Figure 7. Information theoretic analyses for the network trained on randomly selected harmonic decay profiles. The analyses are calculated using the responses shown in Figure 6. Left, the ranked single cell information for the output neurons before and after training. Right, the maximum amount of information that any single cell has with respect to each stimulus in the investigated frequency range. The trained and untrained cases are shown with analysis of a network trained with a different set of initial random weights (with a different seed for the number generator). This illustrates that most of the variation in information is due to the specific random seed.
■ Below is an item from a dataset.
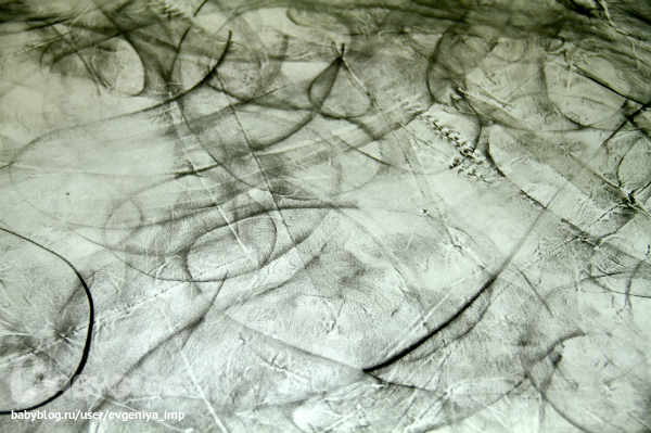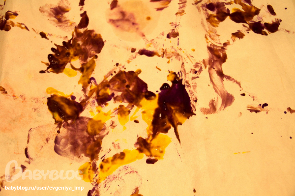 Потом я достала тонкий лист бумаги и Даня стал по нему бегать, заворачиваться в него, кататься по нему. А когда он был изрядно помят, я взяла уголь и просто стала делать разводы. Это магия какая-то. Меня заворожило превращение белой бумаги во что-то, действительно похожее на тишину. А потом Даня сел на мое творение и начал играть на рекоде. Естественно потом мы пошли отмываться в ванну.

A further test carried out with this network was how well it could categorize the pitches of Iterated Rippled Noises (IRNs) (Figure 8). The network was tested and trained as described above (randomly chosen harmonic decay profiles) and is the same network used to produce Figure 6. Despite the network having never been trained with IRNs, the output shows an ability to separate the IRN stimuli into the various pitch stimuli in a similar arrangement to that seen for the more conventional pitch stimuli. The occasional anomalous behavior may be attributed to the fact that the network was only trained with 10 harmonics for each pitch and the IRN stimuli contain frequency components at many higher harmonics. In order to assess this network's ability to identify individual IRN stimuli, the single cell information theory was re-calculated with the IRN stimuli responses included. As can be observed in Figure 9, including the IRN responses does not significantly affect the network's information content. The lowest fundamental frequency (< 300 Hz) stimuli are observed to have a reduction in information. This is attributed to the the fact that the network was not trained on any more than 10 harmonics (whereas the IRNs had many more than 10 harmonics) and low F0 pitches have high harmonics in very close proximity. Therefore, the network performance when tested upon IRNs is close to equal that of its response to more typical pitch associated sounds (complex tones).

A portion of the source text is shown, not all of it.